Stored data entries
Start of Block

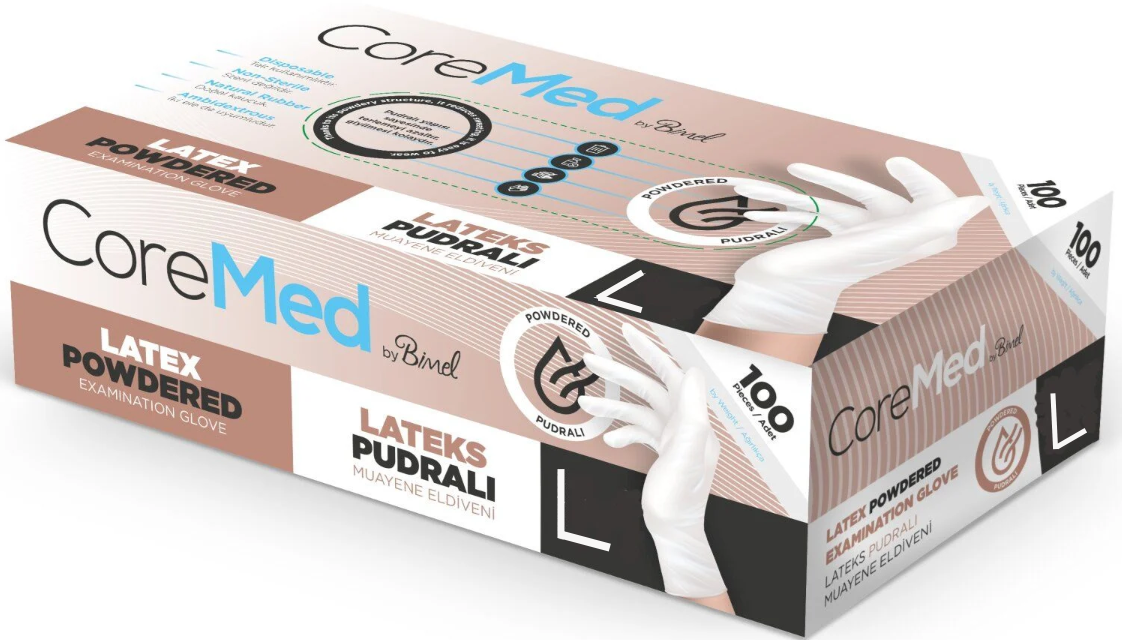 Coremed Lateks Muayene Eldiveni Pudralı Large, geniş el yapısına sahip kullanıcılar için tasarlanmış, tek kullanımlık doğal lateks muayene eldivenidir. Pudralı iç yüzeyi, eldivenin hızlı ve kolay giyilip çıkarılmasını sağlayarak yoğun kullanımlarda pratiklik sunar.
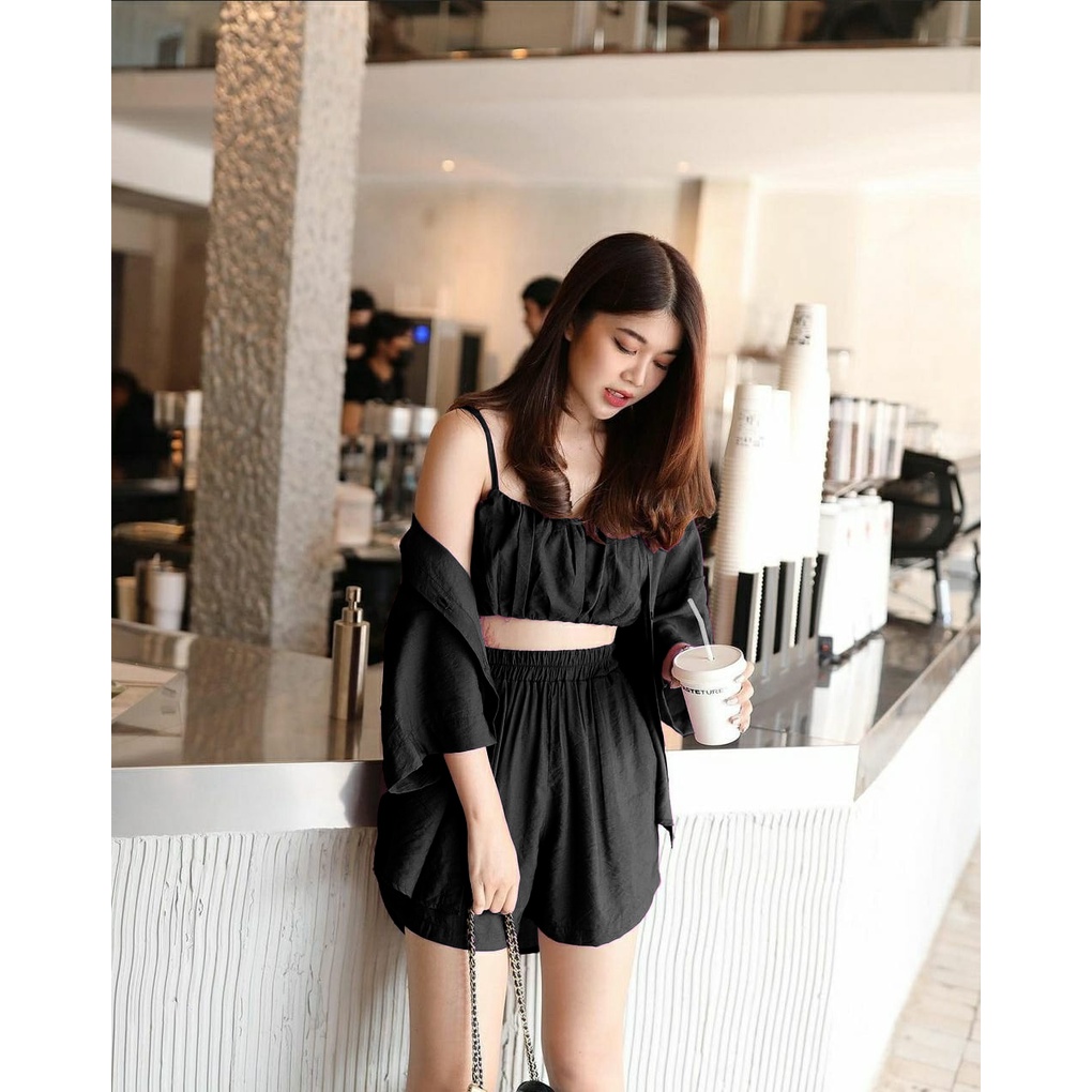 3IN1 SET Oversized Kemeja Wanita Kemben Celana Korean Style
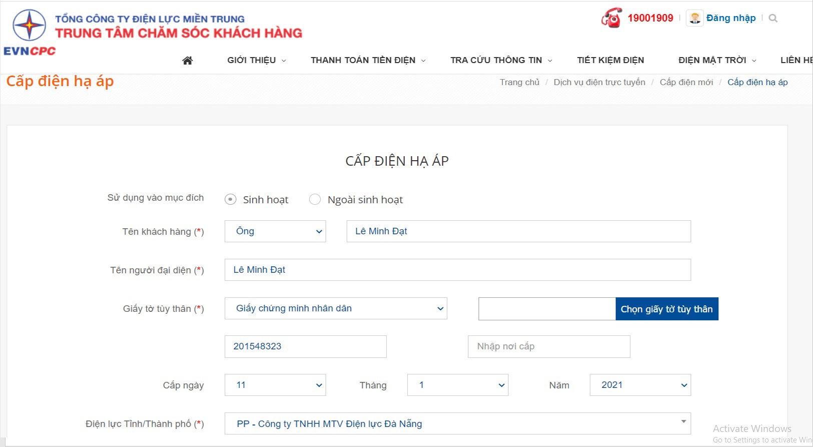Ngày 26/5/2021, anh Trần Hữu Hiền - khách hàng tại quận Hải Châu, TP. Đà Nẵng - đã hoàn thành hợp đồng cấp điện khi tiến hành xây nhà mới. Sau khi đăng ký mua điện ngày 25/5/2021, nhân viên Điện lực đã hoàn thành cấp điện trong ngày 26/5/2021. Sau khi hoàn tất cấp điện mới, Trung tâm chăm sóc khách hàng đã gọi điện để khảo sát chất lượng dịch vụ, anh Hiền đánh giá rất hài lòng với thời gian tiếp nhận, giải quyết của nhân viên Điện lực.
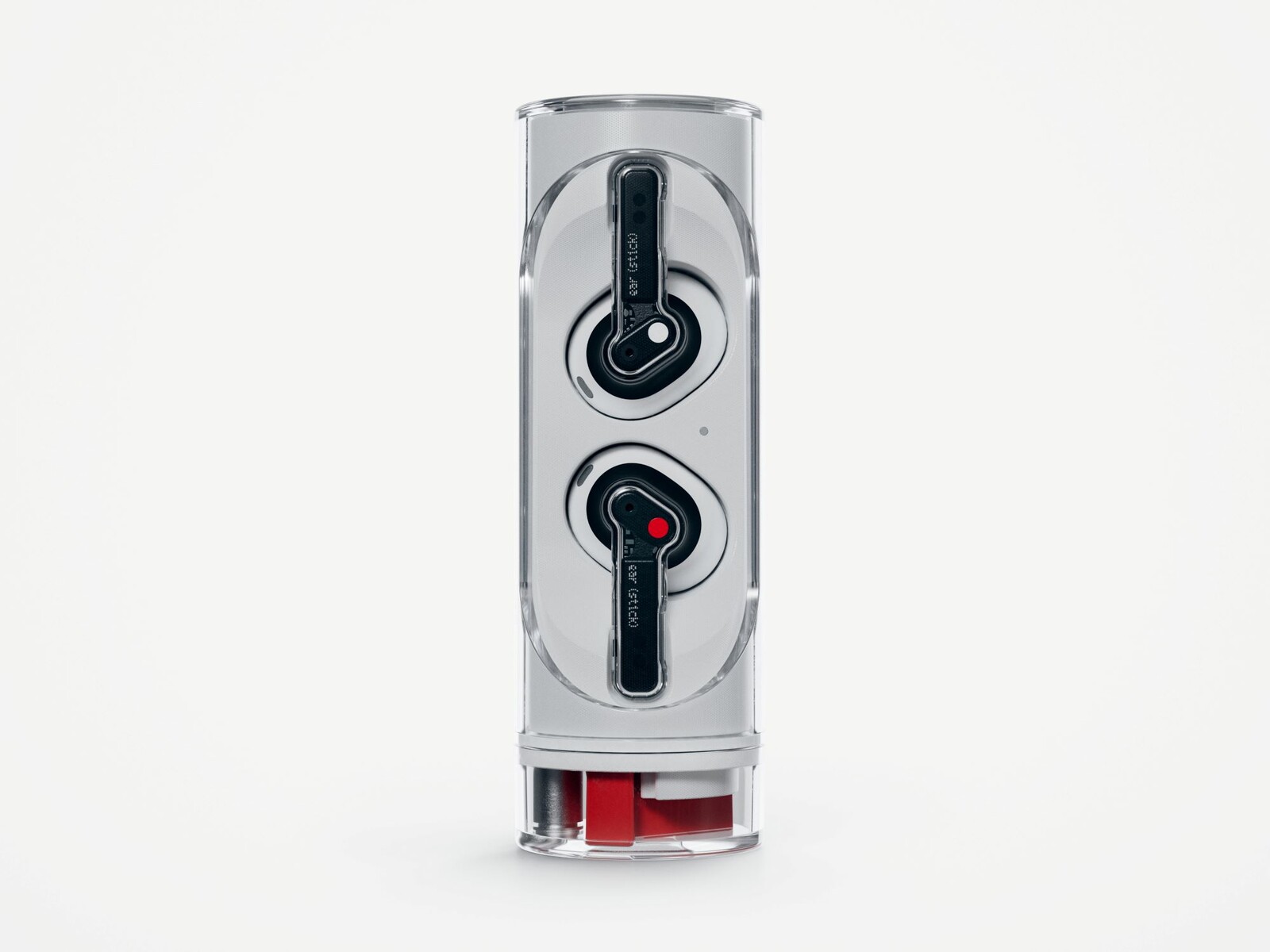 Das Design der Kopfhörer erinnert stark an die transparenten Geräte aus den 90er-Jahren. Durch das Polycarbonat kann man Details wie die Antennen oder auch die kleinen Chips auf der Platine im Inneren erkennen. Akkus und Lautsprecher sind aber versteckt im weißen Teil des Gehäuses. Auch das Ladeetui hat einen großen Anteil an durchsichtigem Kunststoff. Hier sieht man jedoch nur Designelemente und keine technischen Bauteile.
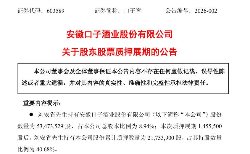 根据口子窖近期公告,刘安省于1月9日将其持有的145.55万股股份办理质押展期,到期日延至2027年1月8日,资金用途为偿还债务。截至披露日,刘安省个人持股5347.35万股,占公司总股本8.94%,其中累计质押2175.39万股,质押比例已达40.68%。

End of Block

→ **WHAT IS NEEDED**
In the answer, repeat exactly the lines from the top of the entries above through the line with "Das Design der", and leave pictures out of it.

→ **ANSWER SPACE**
 Coremed Lateks Muayene Eldiveni Pudralı Large, geniş el yapısına sahip kullanıcılar için tasarlanmış, tek kullanımlık doğal lateks muayene eldivenidir. Pudralı iç yüzeyi, eldivenin hızlı ve kolay giyilip çıkarılmasını sağlayarak yoğun kullanımlarda pratiklik sunar.
 3IN1 SET Oversized Kemeja Wanita Kemben Celana Korean Style
Ngày 26/5/2021, anh Trần Hữu Hiền - khách hàng tại quận Hải Châu, TP. Đà Nẵng - đã hoàn thành hợp đồng cấp điện khi tiến hành xây nhà mới. Sau khi đăng ký mua điện ngày 25/5/2021, nhân viên Điện lực đã hoàn thành cấp điện trong ngày 26/5/2021. Sau khi hoàn tất cấp điện mới, Trung tâm chăm sóc khách hàng đã gọi điện để khảo sát chất lượng dịch vụ, anh Hiền đánh giá rất hài lòng với thời gian tiếp nhận, giải quyết của nhân viên Điện lực.
 Das Design der Kopfhörer erinnert stark an die transparenten Geräte aus den 90er-Jahren. Durch das Polycarbonat kann man Details wie die Antennen oder auch die kleinen Chips auf der Platine im Inneren erkennen. Akkus und Lautsprecher sind aber versteckt im weißen Teil des Gehäuses. Auch das Ladeetui hat einen großen Anteil an durchsichtigem Kunststoff. Hier sieht man jedoch nur Designelemente und keine technischen Bauteile.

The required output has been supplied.